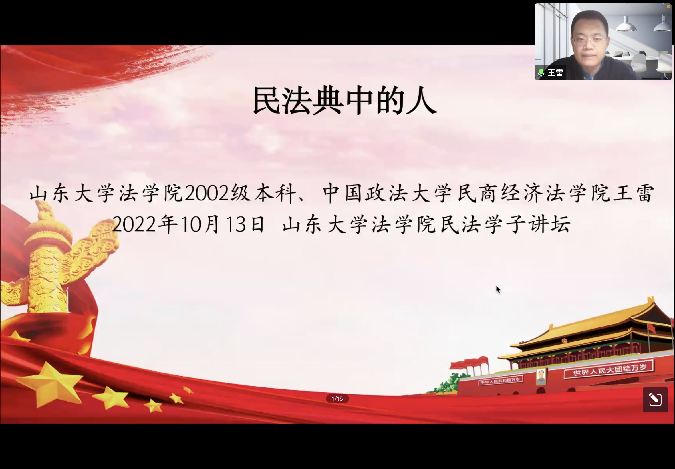 10月13日晚,金沙集团1862cc成色民法学子讲坛第一期于线上顺利举办。中国政法大学民商经济金沙集团1862cc成色副教授、博士生导师王雷作为本期讲坛的主讲嘉宾,以“民法典中的人”为题做了一场精彩的讲座。讲坛由金沙集团1862cc成色副研究员李若祺博士主持,中央财经大学金沙集团1862cc成色朱晓峰教授、山东大学民商法研究所所长张平华教授、助理研究员孙犀铭博士担任与谈人,线上参会师生200余人。
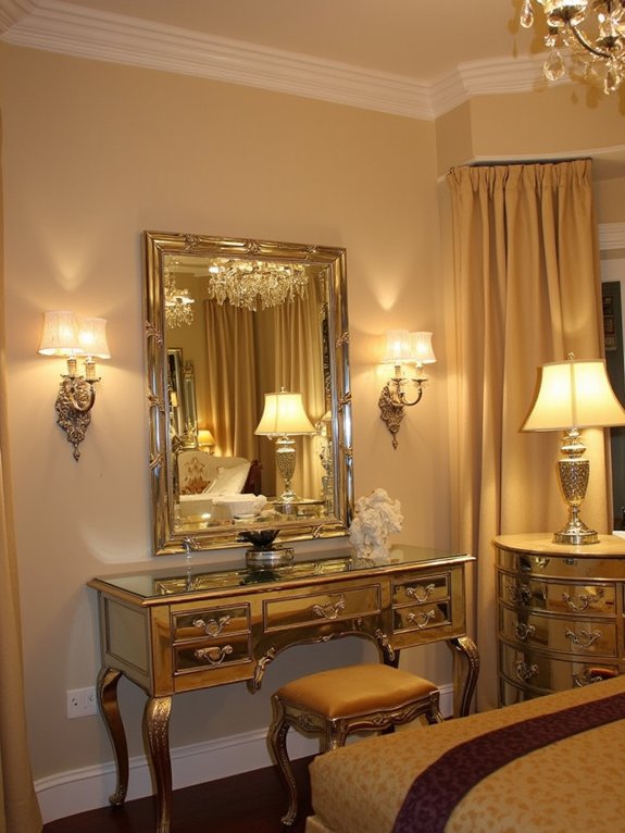 A mirrored vanity lighting fixture combines practicality with elegance in bedroom design. These fixtures provide essential illumination while serving as sophisticated decorative elements that enhance the room’s overall aesthetic. The mirrored components reflect and amplify light, creating an appealing ambiance.
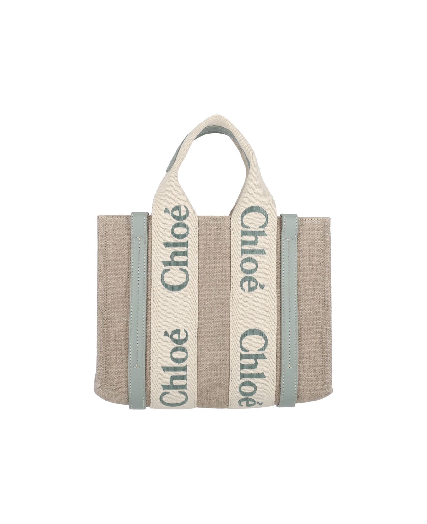 Chloé Woody small tote bag in beige linen with calf leather trim, two handles, logo embroidery pattern, adjustable and removable shoulder strap, inner flat pocket, main inner compartment. Composition: 100% Calf Leather
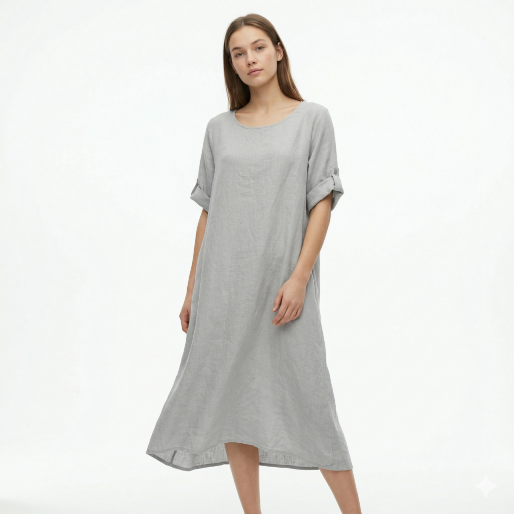 Linen dames jurk korte mouwen – Wit

—————

Exercise details :: The answer must be the full listing, exact in every line, with the pictures removed.

Problem solution ::
 10月13日晚,金沙集团1862cc成色民法学子讲坛第一期于线上顺利举办。中国政法大学民商经济金沙集团1862cc成色副教授、博士生导师王雷作为本期讲坛的主讲嘉宾,以“民法典中的人”为题做了一场精彩的讲座。讲坛由金沙集团1862cc成色副研究员李若祺博士主持,中央财经大学金沙集团1862cc成色朱晓峰教授、山东大学民商法研究所所长张平华教授、助理研究员孙犀铭博士担任与谈人,线上参会师生200余人。
 A mirrored vanity lighting fixture combines practicality with elegance in bedroom design. These fixtures provide essential illumination while serving as sophisticated decorative elements that enhance the room’s overall aesthetic. The mirrored components reflect and amplify light, creating an appealing ambiance.
 Chloé Woody small tote bag in beige linen with calf leather trim, two handles, logo embroidery pattern, adjustable and removable shoulder strap, inner flat pocket, main inner compartment. Composition: 100% Calf Leather
 Linen dames jurk korte mouwen – Wit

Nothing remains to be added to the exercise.